Collum then struck a humorous and conciliatory tone in her comments. She said she embraced being a “career politician” as she felt she was “born a 40-year-old lobbyist.” She expressed her gratitude for the youth involvement in her campaign and said she had come to realize the importance of female leadership and role models in her first term. Collum called out two young female campaign volunteers, Zoe Newman and Lily Forman, asking them to stand to be recognized. The two girls, who met the Village President through the SOMA Action Student Leadership Committee, later sang Collum’s praises: “We love Sheena!”
Collum’s statements were peppered with lighthearted thanks to her parents, campaign team, colleagues, and more. “I know we are gonna deliver some incredible stuff,” she told her audience.
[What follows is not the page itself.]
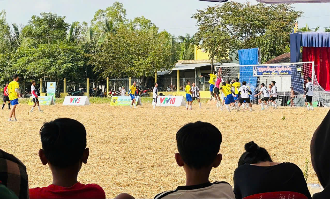 Điểm đặc biệt của Giải bóng đá nông dân Khmer khu vực ĐBSCL chính là “sân bóng giữa ruộng”. Gọi là sân bóng, nhưng thật ra là tận dụng mặt bằng từ cánh đồng sau mùa thu hoạch - để các đội giao lưu thể thao những lúc nông nhàn. Không khán đài kiên cố, không mặt cỏ tiêu chuẩn, chỉ là những đường kẻ đơn sơ và hai bên bờ ruộng ken kín người xem, nhưng chính sự mộc mạc ấy lại tạo nên sức hút riêng. Tiếng reo hò, tiếng trống, tiếng gọi nhau í ới hòa quyện, biến nơi đây thành một “chảo lửa” đúng nghĩa giữa miền quê.

She also commended the work of South Orange Township employees — a notable inclusion given the fact that some South Orange firefighters actively campaigned for her opponent in the election.
In the wake of that contentious election, Collum also thanked those who ran but did not win — and singled out Trustee candidate Stacey Borden who stood and clapped enthusiastically after Collum was sworn in, despite having campaigned with Davis Ford. “Win or lose, there is always a seat at the table,” Collum said, dismissing potential grudges. “You are welcome always, 100%.”
Collum’s speech ended on a hopeful note. “We are going to turn government upside down,” she declared, saying that the usual agenda items for committee appointments were being eschewed last night for a new framework to be determined and unveiled in coming weeks. Before the meeting’s final role call, Collum enthusiastically told her audience, “This is gonna be a great governing body.”
A reception, open to the public, followed the meeting in the SOPAC upstairs lounge.